• [Task directions] Begin at the first line of the data and copy each line through the one containing "Дом монолитный, черырехподъездный, переменной", that line included, with no pictures.

[Items from a dataset]
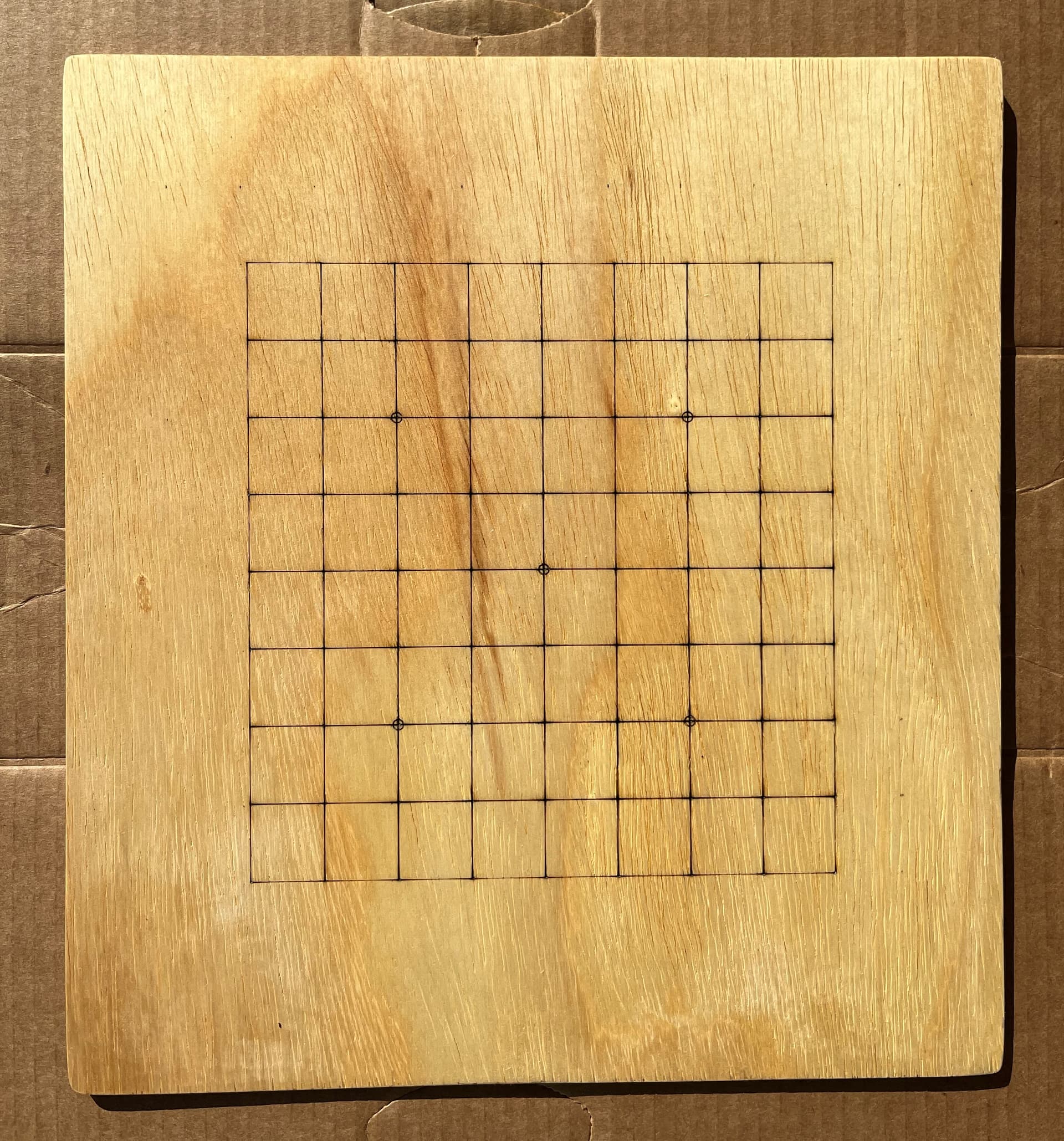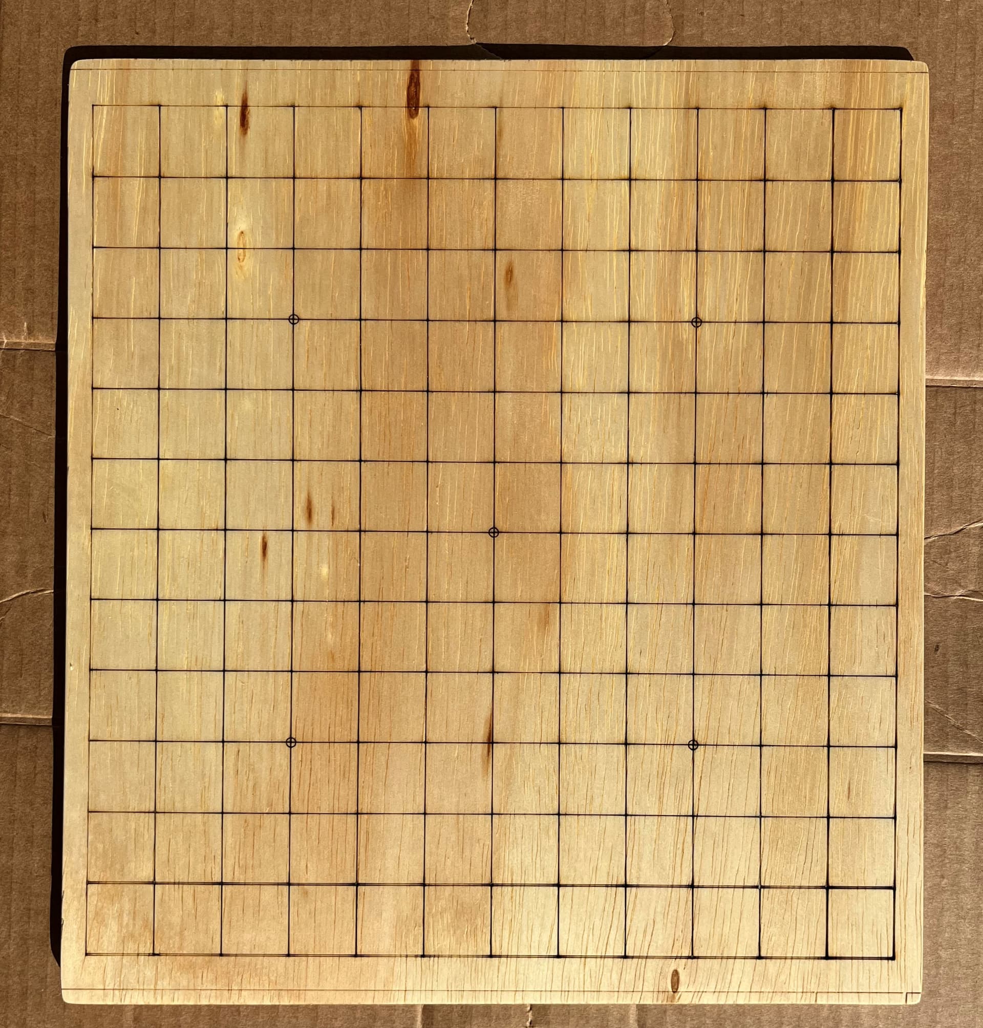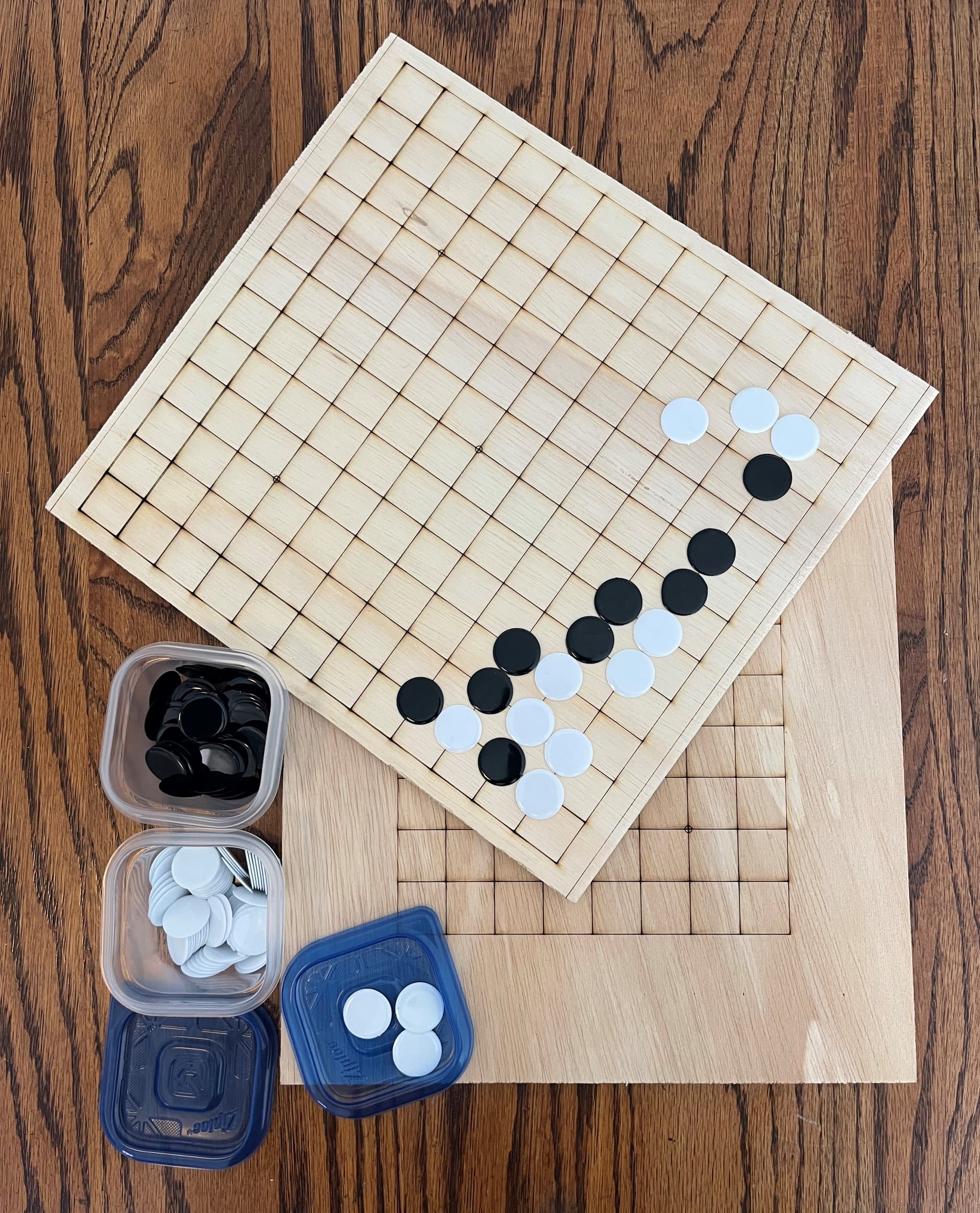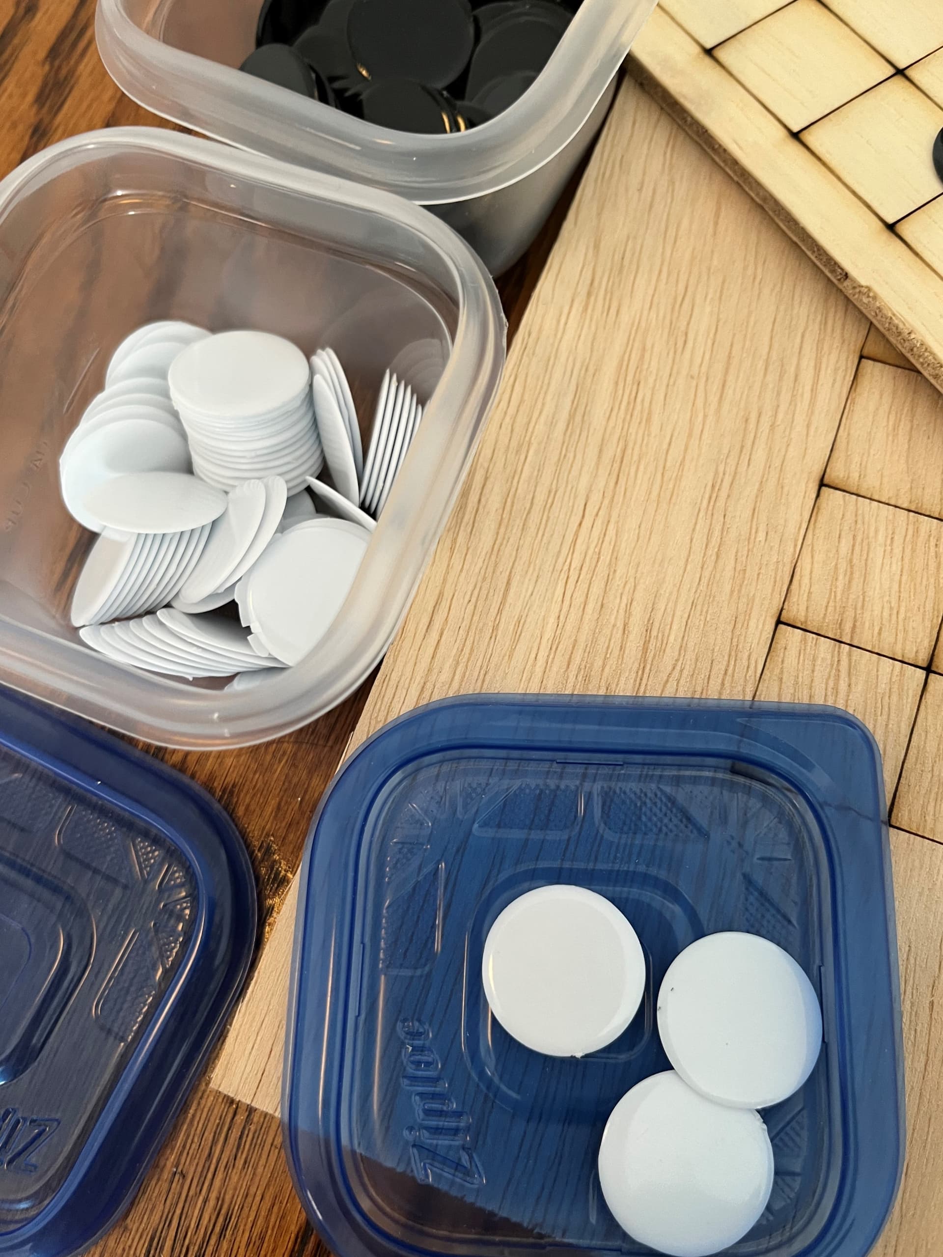 So, this is a subject that I have been thinking about for a long time. Before Covid, when I first started thinking about teaching Go to some of my friends and family, as well as through the AGF programs I learned about, and reading Go As Communication, I started wondering what would be the least expensive way to make a set that was also useful enough to keep someone playing until they got a full sized set of their own. Ideally, I imagined a set that would be cheap enough to send one to anyone who wanted one, kind of an idea. I am a wood sculptor who has professional woodworking experience and I also belong to a hackerspace with a laser cutter/engraver. This is what I came up with. One 4’x8’ sheet of 5mm plywood made 28 13x13/9x9 reversible boards. Some slightly warped or slightly different sizes, but all at least the standard minimum. The sheet cost about $20 at the time. I got two small bags of 7/8" Bingo Chips. They are a perfect normal sized stone, though there are some irregular ones as you can see. I probably paid another 20-30 for them, including shipping. The ‘bowls’ might have been the most expensive part, in my opinion for what you get, something like $3 for six with lids at the grocery store, if I remember correctly. Almost 11 complete sets for 13x13, or double that for 9x9, combining white and black in one bowl.
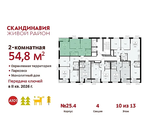 Дом монолитный, черырехподъездный, переменной этажности, от 9 до 13 этажей. Квартира находится в 1-й секции высотой 13 этажей в корпусе бизнес-класса 2.25.4. На этаже 6 квартир. В подъезде 1 пассажирский и 1 грузовой лифт. Начало строительства - 4 квартал 2023 года. Окончание строительства - 2 квартал 2026 года. Оформление сделки по договору долевого участия.
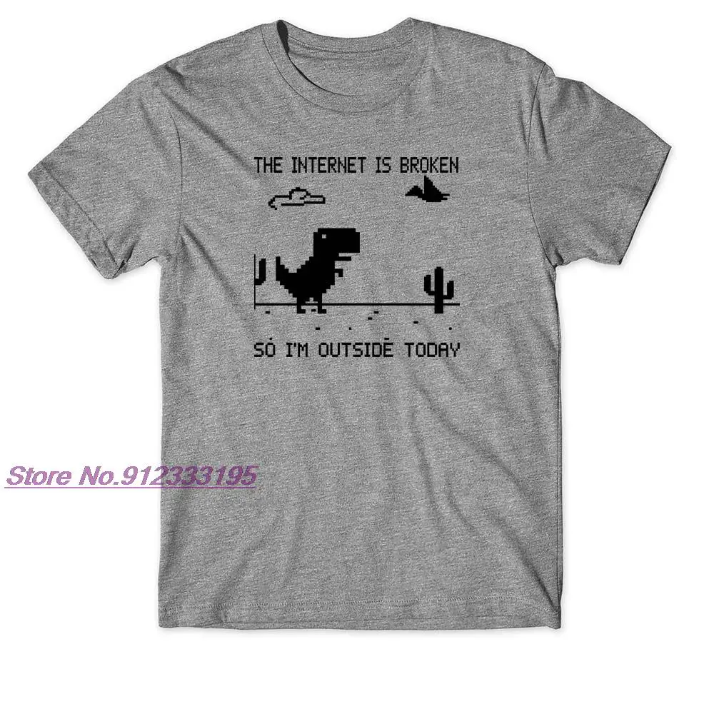 Футболка унисекс из 100% хлопка, хромированный динозавр в автономном режиме, программатор Интернет-сломан, забавная шуточная Подарочная футболка
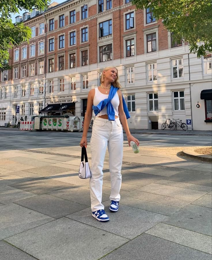 Wide-leg white jeans keep the look fresh and modern, creating a crisp canvas for the bold blue sneakers, which inject a pop of vibrant energy. The denim patchwork bag introduces texture and a hint of vintage charm, making the ensemble even more dynamic. Finished with sleek sunglasses and a polished low bun, this look effortlessly balances comfort and cool, ideal for urban strolls or relaxed weekends.
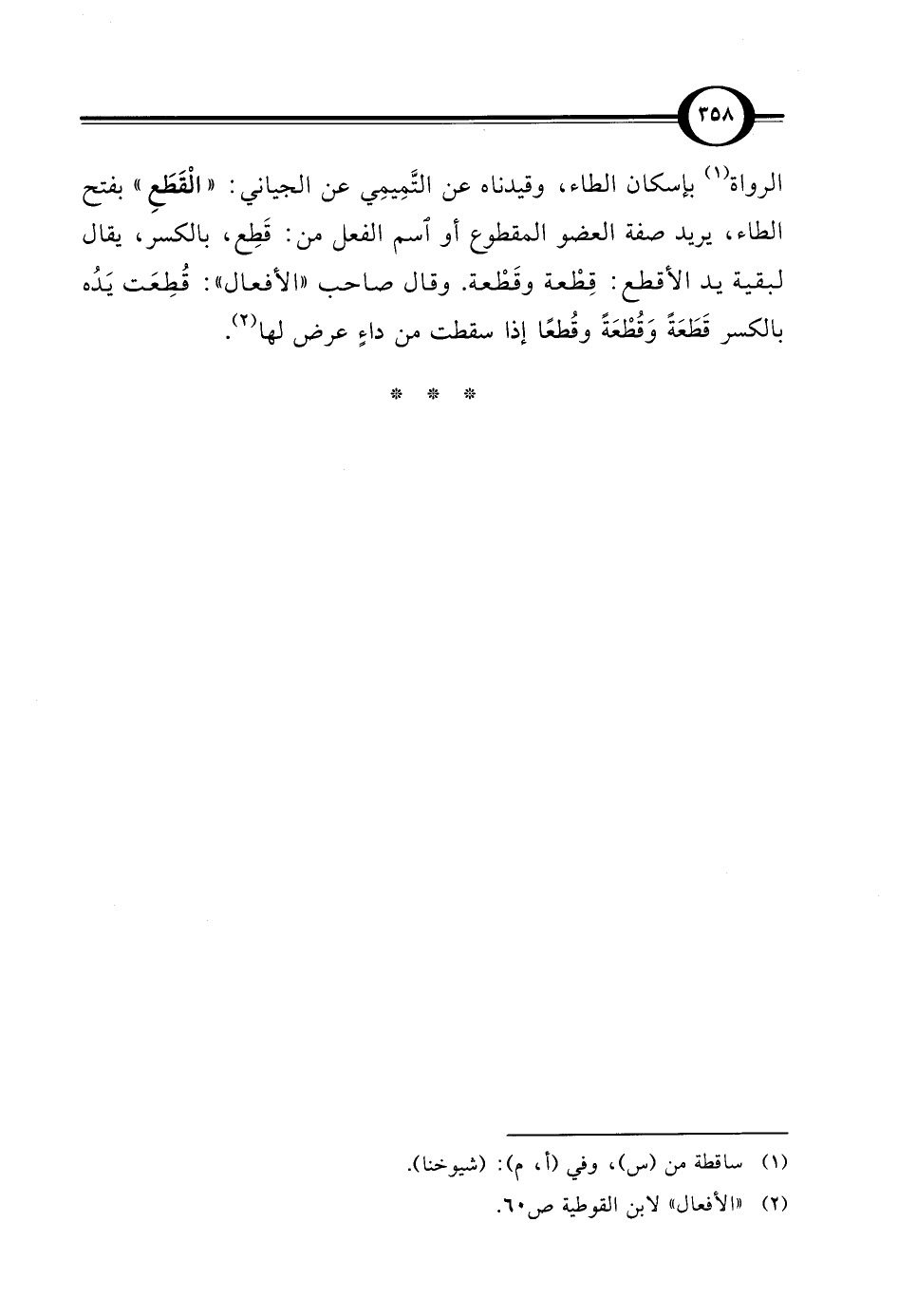 الرواة (¬1) بإسكان الطاء، وقيدناه عن التَّمِيمِي عن الجياني: "الْقَطَعِ" بفتح الطاء، يريد صفة العضو المقطوع أو اسم الفعل من: قَطِع، بالكسر، يقال لبقية يد الأقطع: قِطْعة وقَطْعة. وقال صاحب "الأفعال": قُطِعَت يَدُه بالكسر قَطَعَةً وَقُطْعَةً وقُطعًا إذا سقطت من داءٍ عرض لها (¬2).
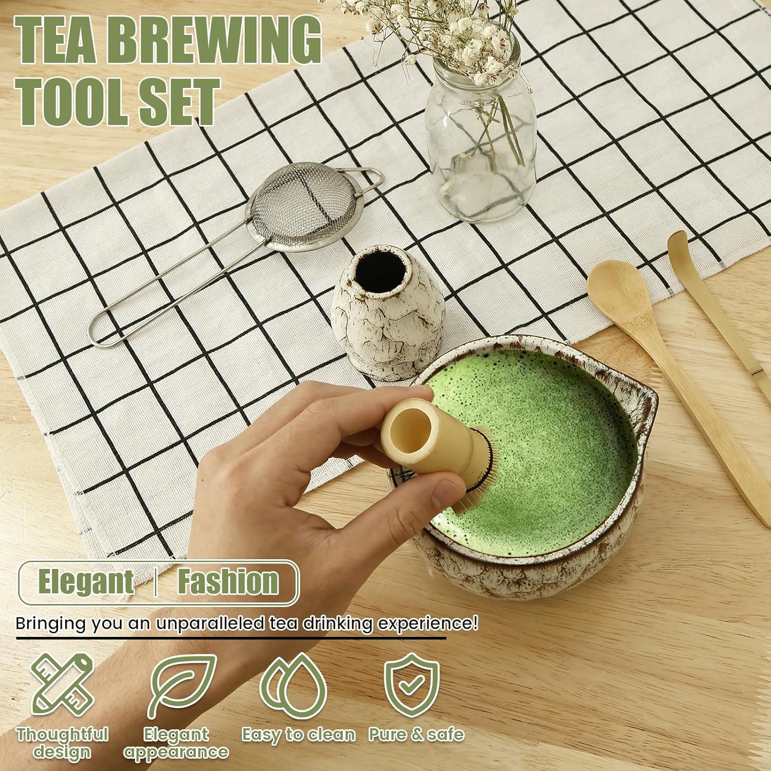 | Included Components | 1×Bowl 1×Whisk Holder, 1×Matcha Whisk, 1×Stainless Steel Sifter, 1×Tea Scoop, 1×Wood Spoon |
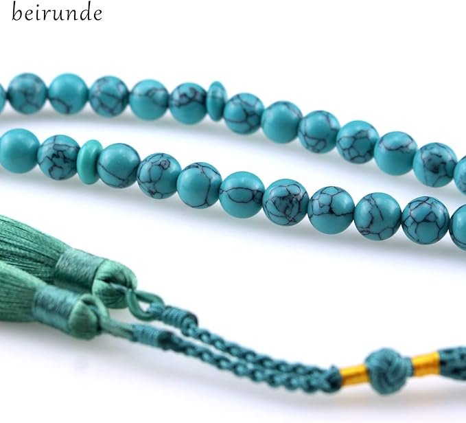 Handcrafted 33-bead turquoise tasbih with tassel. Perfect for dhikr, meditation, and daily Islamic prayer, ideal for Ramadan gifting.
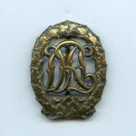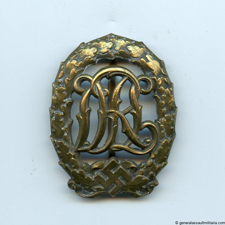 DRL sports badge in bronze – Hermann Wernstein, Jena. Tombac badge with Hermann Werstein variant setup and makers mark. The badge is in worn condition and retained its bronze look nicely.

• [Solution for this task]
 So, this is a subject that I have been thinking about for a long time. Before Covid, when I first started thinking about teaching Go to some of my friends and family, as well as through the AGF programs I learned about, and reading Go As Communication, I started wondering what would be the least expensive way to make a set that was also useful enough to keep someone playing until they got a full sized set of their own. Ideally, I imagined a set that would be cheap enough to send one to anyone who wanted one, kind of an idea. I am a wood sculptor who has professional woodworking experience and I also belong to a hackerspace with a laser cutter/engraver. This is what I came up with. One 4’x8’ sheet of 5mm plywood made 28 13x13/9x9 reversible boards. Some slightly warped or slightly different sizes, but all at least the standard minimum. The sheet cost about $20 at the time. I got two small bags of 7/8" Bingo Chips. They are a perfect normal sized stone, though there are some irregular ones as you can see. I probably paid another 20-30 for them, including shipping. The ‘bowls’ might have been the most expensive part, in my opinion for what you get, something like $3 for six with lids at the grocery store, if I remember correctly. Almost 11 complete sets for 13x13, or double that for 9x9, combining white and black in one bowl.
 Дом монолитный, черырехподъездный, переменной этажности, от 9 до 13 этажей. Квартира находится в 1-й секции высотой 13 этажей в корпусе бизнес-класса 2.25.4. На этаже 6 квартир. В подъезде 1 пассажирский и 1 грузовой лифт. Начало строительства - 4 квартал 2023 года. Окончание строительства - 2 квартал 2026 года. Оформление сделки по договору долевого участия.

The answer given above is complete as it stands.